If the superclass does initialize depending on the subclass’s preference for animation, it must delay initialization until the subclass doesn’t call animatePresentation(of:). UIKit has the luxury of knowing that les jeux sont faits when the coalesced presentation event pops out of the main queue. The presenting controller won’t know the deadline has arrived.

Imagine a workaround: When the presentation event arrives at the runloop — we can wonder whether that’s too late for a smooth transition — UIKit notifies the presenting controller that the child will appear. The presenting controller can look up what it meant to do with that child and revise “animated” as needed… possibly by branching on “animated” exactly the way it could have if it had called .present(_:animated:) when it had better knowledge and control.

(The solution in this case is to have two methods, immediatelyPresent(_:) and immediatelyPresentAnimated(_:). The article and this comment use this API to illustrate a general concern that may not always be so easy to resolve. Humor me.)


In the case of that DataLoader completion: What if I care only that the operation completed, no matter how — is my code simpler if I have to write the identical handler twice? (The article says always. I’m prepared to doubt it.) That’s a trivial case of success and failure having common code paths such as the article shows — do you trust yourself to forever maintain their copies of that code? A wrapper function for the common code mitigates the risk (at the expense of adding smaller ones), but you’ll never eliminate it.
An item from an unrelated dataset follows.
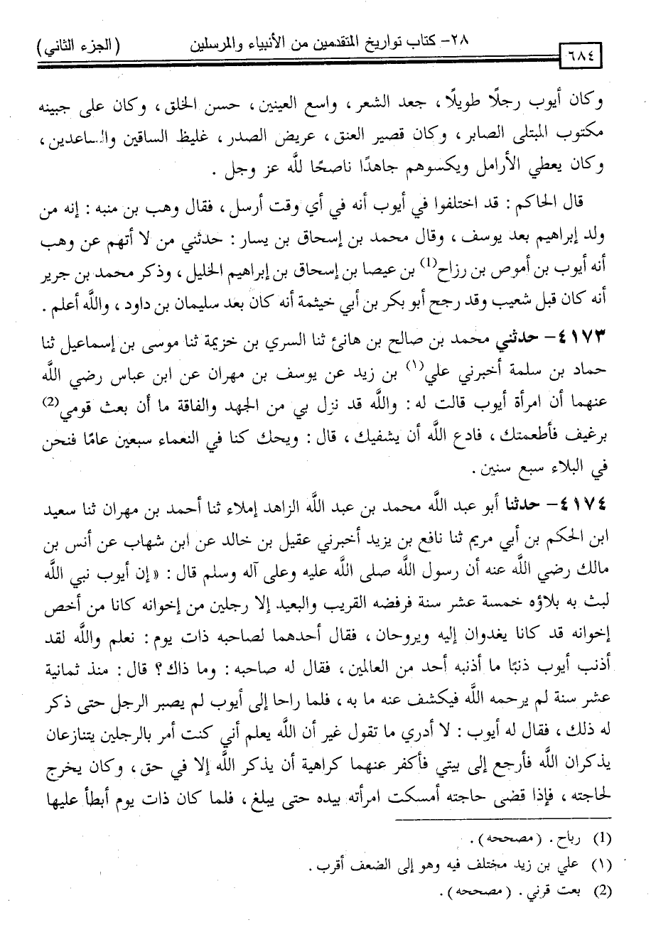 4173 - حَدَّثَنِي مُحَمَّدُ بْنُ صَالِحِ بْنِ هَانِئٍ ، ثنا السَّرِيُّ بْنُ خُزَيْمَةَ ، ثنا مُوسَى بْنُ إِسْمَاعِيلَ ، ثنا حَمَّادُ بْنُ سَلَمَةَ ، أَخْبَرَنِي عَلِيُّ بْنُ زَيْدٍ ، عَنْ يُوسُفَ بْنِ مِهْرَانَ ، عَنِ ابْنِ عَبَّاسٍ رَضِيَ اللَّهُ عَنْهُمَا ، أَنَّ امْرَأَةَ أَيُّوبَ ، قَالَتْ لَهُ: " وَاللَّهُ قَدْ نَزَلَ بِي مِنَ الْجَهْدِ وَالْفَاقَةِ مَا أَنْ بَعَثَ قَوْمِي بِرَغِيفٍ فَأَطْعَمْتُكَ فَادْعُ اللَّهَ أَنْ يَشْفِيَكَ ، قَالَ: وَيْحَكِ كُنَّا فِي النَّعْمَاءِ سَبْعِينَ عَامًا ، فَنَحْنُ فِي الْبَلَاءِ سَبْعَ سِنِينَ "

And… do multiple code paths become Good Things if the paths and the conditional that selects them don't fit on the same screen? The branch is probably selected in third-party code; two funcs with several lines of identical content may be in the same file, but probably not the same screen. Again, the common wrapper function mitigates the problem. of visibility, but not likely better than a single handler.
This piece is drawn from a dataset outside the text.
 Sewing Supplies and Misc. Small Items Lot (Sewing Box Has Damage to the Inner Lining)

The example in the article would, I observe, be 50% longer if documented, and much shorter if the “cause” for each section were commented at the single place it is executed instead of being discoverable only through searches of the IDE’s symbol and call-chain indices.


“Duplication is better than inappropriate sharing.” Correct. “X is better than inappropriate Y” is always correct. If X is better than Y, that’s what makes Y inappropriate. Whether X is better is still a judgment call.


People seem to like Swift’s guard and defer constructs. But I imagine a branch-counting tool counting every guard, and every assignment and condition in the guard, as an additional branch; worse, an early exit; worse, an early exit into COME FROM code stacked up by defer clauses. Surely they'd rack up the complexity points and lint warnings like nobody’s business.

And yet we think of guard/defer as easier to understand than the alternatives. Perhaps there is more than one kind of complexity.


If “complexity” means anything, it means that the poor schmo who has to maintain the code (even his own) should be able to make out what it does. This is the 67% of coding that is human-to-human.

In a world of optimizers, “complexity” (in this sense) is 1% a technical problem, 99% cognitive. Even a branch-counter that could tally across libraries, modules, classes, or files (which is where most complexity has been for the last twenty years) would lack the empathy it needs for 99% of what makes complexity a problem. Single figures-of-merit are not a magic bullet.


What the article teaches is that programmers should have code complexity on their radar so they can apply their judgment; one way to think of it is in terms of branching logic. Good advice.

You should prosecute branches. You should resolve choices at the highest practical level. “God functions” that handle each and every contingency on a dozen paths are stenches, not smells. If you’re constantly branching on some “type” property of a class instance, it’s time to think about refactoring the types into separate classes. If a significant part of a function is mostly-isolated from the rest, give thanks and refactor. Complexity is a bug-in-waiting. (Hellooooo technical debt!)

In this, the article is absolutely right.